As we embark on the new year, we are continuing to see that navigating the supply chain is no easy feat. With retailers facing even more challenges than before regarding fulfilling orders and ensuring on-time delivery, there are many factors that must be taken into consideration. Firstly, consumer brands must put in monthly inventory orders with suppliers based on previous sales and current inventory. They then need to predict for the next month and beyond. So how can retailers avoid ending up with excess surplus? And how can excess surplus impact the bottom line of a business? And how can e-commerce retailers pave the way for a smoother supply chain process? The answer lies in forecasting.
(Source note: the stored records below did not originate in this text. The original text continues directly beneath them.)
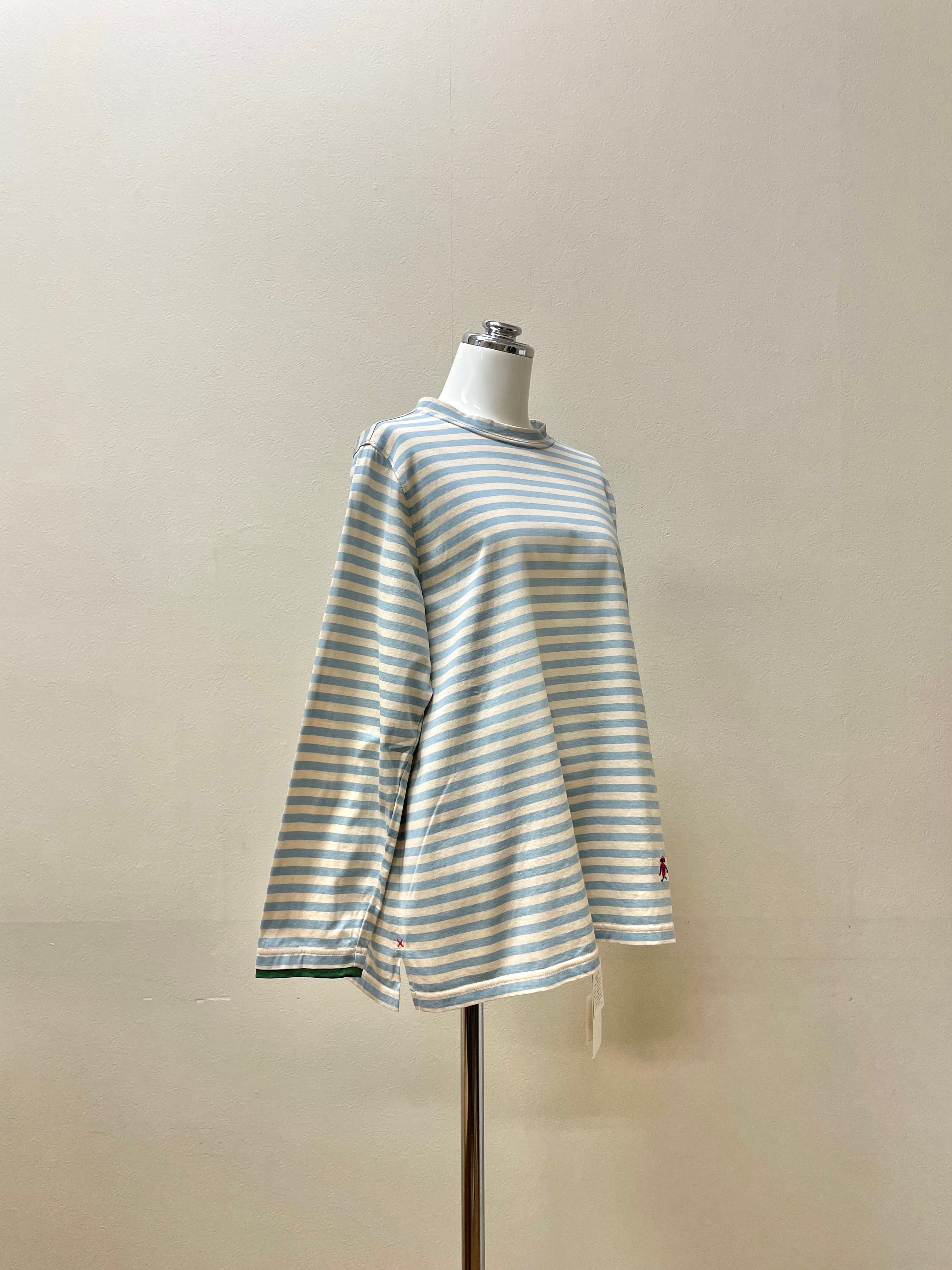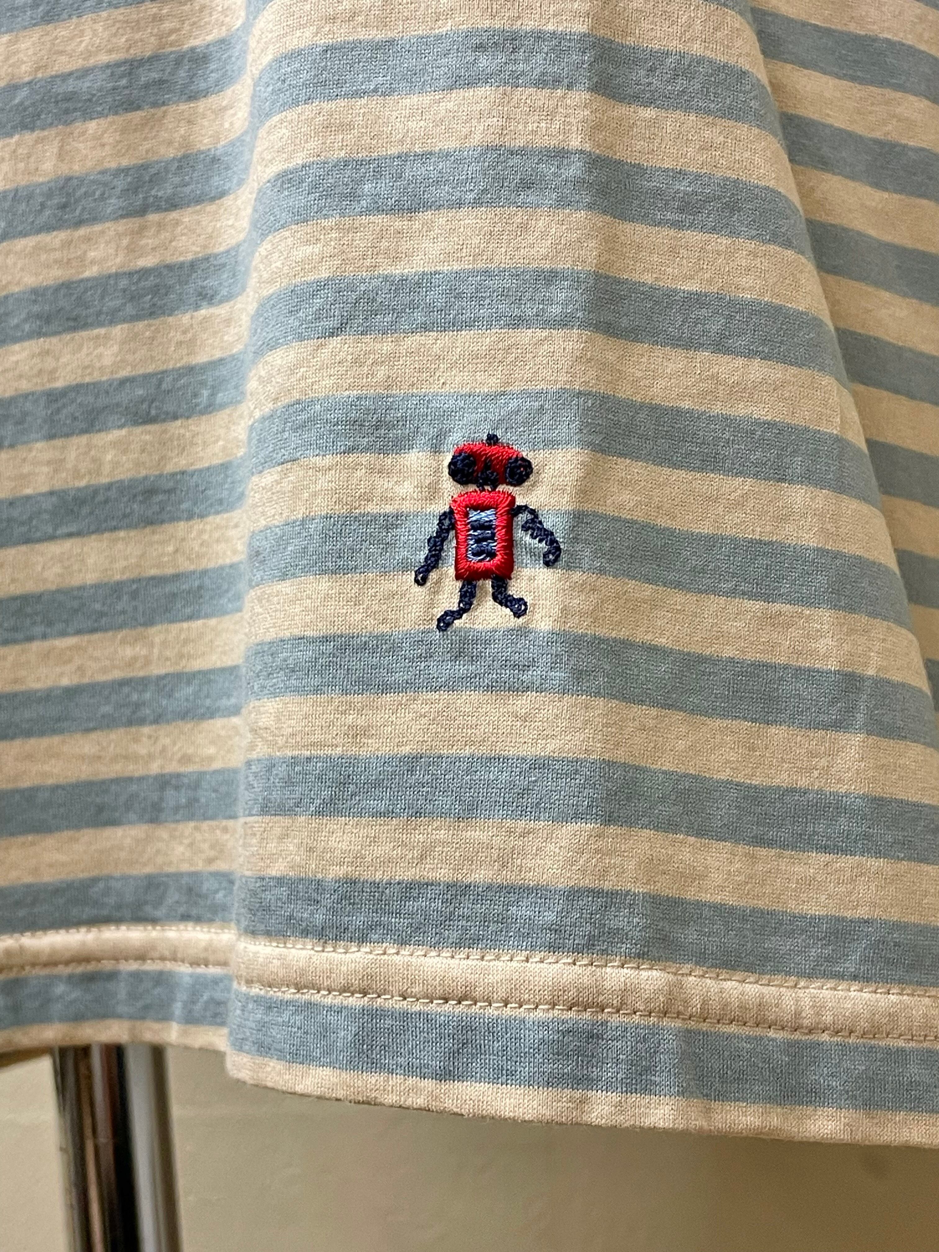 コズオリジナルなるのロボット刺繍が可愛いボーダーのカットソー。さらりと肌触りの良い綿100%シルケット天竺を使用してます。袖口の配色や裾のスリット&バッテンカン止めなど細部へもこだわりも◎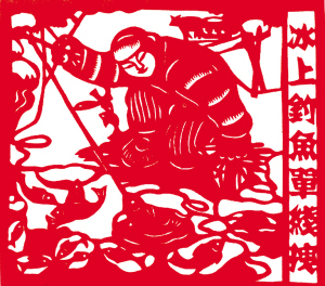 此外,撫順滿族剪紙在畫面上還經常結合滿文,使不同的人物、情節都凝固于畫面,豐富了作品的敘事內容。這種圖文并茂的剪紙造型,也是其一大亮點。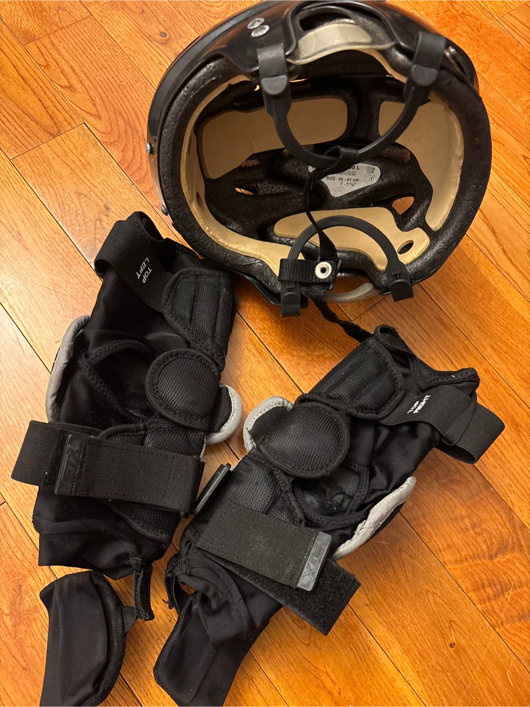 This is a JOFA 690 certified hockey helmet in black. It's a size L, fits head sizes 58-63 cm. Also included are a pair of black and grey STX EXO elbow pads. Great set for playing hockey!

Forecasting can transform e-commerce and help brands mitigate supply chain risk. It is critical for the success of any business, but especially for sellers on online marketplaces where the platform is flooded with competition. When retailers have access to insights and forecasting, they can be better prepared to determine future inventory, which ultimately helps brands stand out and keep customer loyalty.
What is sales forecasting and how does it work?
Sales forecasting is a method of anticipating future revenue by estimating the potential sales of products over a period of time. In a nutshell, forecasting is all about predicting future sales to inform your selling strategy. This is typically done by analyzing historical sales data and influencing factors such as industry trends, competitors, conversion rates and site visits. Predictions can be based on annual or month-to-month performance. Accurate sales forecasts enable retailers to more precisely plan for the future of an e-commerce business. Sales forecasting is an important part of meeting customer expectations and provides insight into how the market will react to any given product.
Benefits of sales forecasting
Recognizing and understanding the patterns in sales data can reveal specific trends and identify gaps. From production to finance to operation, forecasting impacts almost every part of an organization. Without successful forecasting, e-commerce operations are likely to be interrupted by many variables. Forecasting impacts all strategic decisions around planning, budgets, marketing, operations and inventory.
Without sales forecasting, it can be difficult to steer an e-commerce business in the right direction. One of the main benefits of sales forecasting is improved inventory management through increased visibility of opportunities in the pipeline. Forecasting reduces the financial risk associated with surplus inventory and storage, preventing loss of sales due to the inability to fulfill an order. This is critical in a crowded e-commerce market, especially on Amazon, with more than 9 million retailers. Finally, sales forecasting helps marketers to better align sales goals and revenue expectations. By leveraging solid sales forecasting strategies, retailers and marketers can better assess the health of their businesses and make data-informed adjustments to their supply chain.
Overcoming sales forecasting challenges
The e-commerce industry is fueled by the supply chain and keeping inventory and fulfillment in check is a critical element. One of the biggest challenges to this is accuracy in sales forecasting. Inconsistent data or adopting the wrong methodology could severely impact the accuracy of your forecast. Choosing the wrong forecasting method and not considering the appropriate variables can turn a business on its head. This can cause instability across business functions, particularly fulfillment operations. It's important to have a data strategy in place that focuses on capturing quality up-to-date information that matters most.
In order to develop a winning strategy, e-commerce retailers need to invest in appropriate technology that can be seamlessly integrated with their e-commerce platform to have a clear understanding of sales performance. This will allow retailers to minimize the margin of error associated with the measurement of the amount of inventory, resulting in increased ability to better meet customer demand and reduce financial risk.
Accurate forecasting leads to accurate fulfillment operations to support sales growth. Although complex and time-consuming, prioritization of sales forecasting tools will help extend customer reach and improve customer loyalty. Bottom line, sales forecasting makes it possible for brands to operate more efficiently with successful and timely fulfillment of orders.